**WHAT YOU WILL DO:**
Take the lines from the head of the listing through the one bearing "Prévoyez la trajectoire" and copy them exactly, leaving every picture out.
SUPPLIED INFORMATION below:
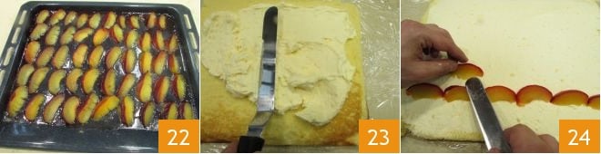 and let them caramelize at 464°F on grill function for 3-4 minutes 22. While the plums are cooling, spread the cream, which will be well set, distributing it on the sponge cake with a spatula to level it 23 and then arrange the cooked plums neatly horizontally, spacing them a couple of inches apart 24,
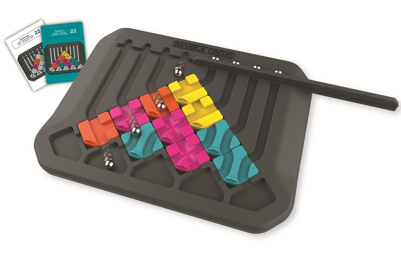 Prévoyez la trajectoire des billes et ajoutez les autres tuiles mystère de façon à ce que le nombre de billes qui s'accumulent dans les cinq cibles corresponde à la carte de défi.
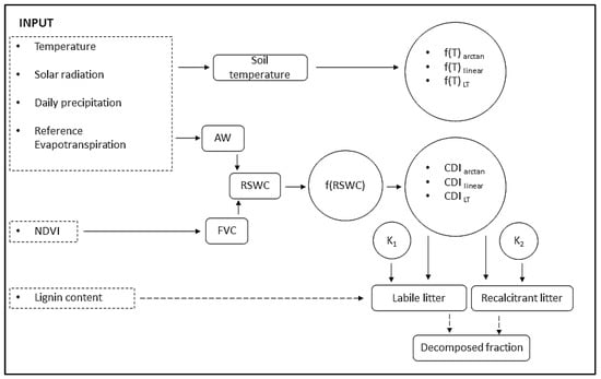 Here, litter decomposition was characterized by different decomposition rates of its two main constituents: lignin (recalcitrant litter) and cellulose, hemicellulose, and soluble components (labile litter). Decomposition rates varied over time and as a function of climatic conditions (CDI effects). On this theoretical basis, the model was built and organized into various sub-modules that could be interconnected to explore multiple processes that interact mutually at the same time. Among the innovations was the influence of vegetation on the calculation of the Relative Soil Water Content (RSWC) as a function of the vegetation density of the area, expressed as Fractional Vegetation Cover (FVC) and calculated based on the Normalized Difference Vegetation Index (NDVI).
End of SUPPLIED INFORMATION.
**EXPECTED ANSWER:**
 and let them caramelize at 464°F on grill function for 3-4 minutes 22. While the plums are cooling, spread the cream, which will be well set, distributing it on the sponge cake with a spatula to level it 23 and then arrange the cooked plums neatly horizontally, spacing them a couple of inches apart 24,
 Prévoyez la trajectoire des billes et ajoutez les autres tuiles mystère de façon à ce que le nombre de billes qui s'accumulent dans les cinq cibles corresponde à la carte de défi.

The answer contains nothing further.